We achieve our variable rate exposure primarily by issuing long-term fixed rate debt and then swapping the fixed rate interest payments for variable rate interest payments and through the issuance of commercial paper or credit facility borrowings.
For additional information about our outstanding senior notes and debt-related transactions in 2020 , see Note 9 “Debt” to our consolidated financial statements. For information about our interest rate risk, see Item 7A “Quantitative and Qualitative Disclosures About Market Risk—Interest Rate Risk.”

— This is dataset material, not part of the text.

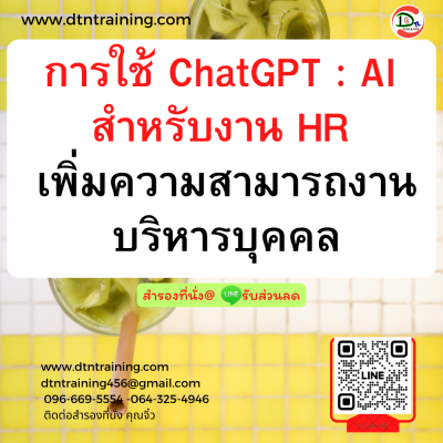 * หลักสูตรนี้สอนโดยนักHRผู้มีประสบการณ์ , ทุกหัวข้อการอบรม มีWorkshopฝึกการเขียน PROMPT โดยวิทยากรได้จัดเตรียมตัวอย่างการเขียนPROMPT ไว้ให้ผู้เข้าอบรมแล้ว

Counterparty Creditworthiness
Some of our customers or other counterparties may experience severe financial problems that may have a significant impact on their creditworthiness. These financial problems may arise from our current global economic conditions, continued volatility of commodity prices or otherwise. In such situations, we utilize, to the extent allowable under applicable contracts, tariffs and regulations, prepayments and other security requirements, such as letters of credit, to enhance our credit position relating to amounts owed from these counterparties. While we believe we have taken reasonable measures to protect against counterparty credit risk, we cannot provide assurance that one or more of our customers or other counterparties will not become financially distressed and will not default on their obligations to us. The balance of our allowance for credit losses as of December 31, 2020 and December 31, 2019, was $26 million and $9 million, respectively, reflected in “Other current assets” on our consolidated balance sheets, which includes reserves for counterparty bankruptcies recorded during the year ended December 31, 2020.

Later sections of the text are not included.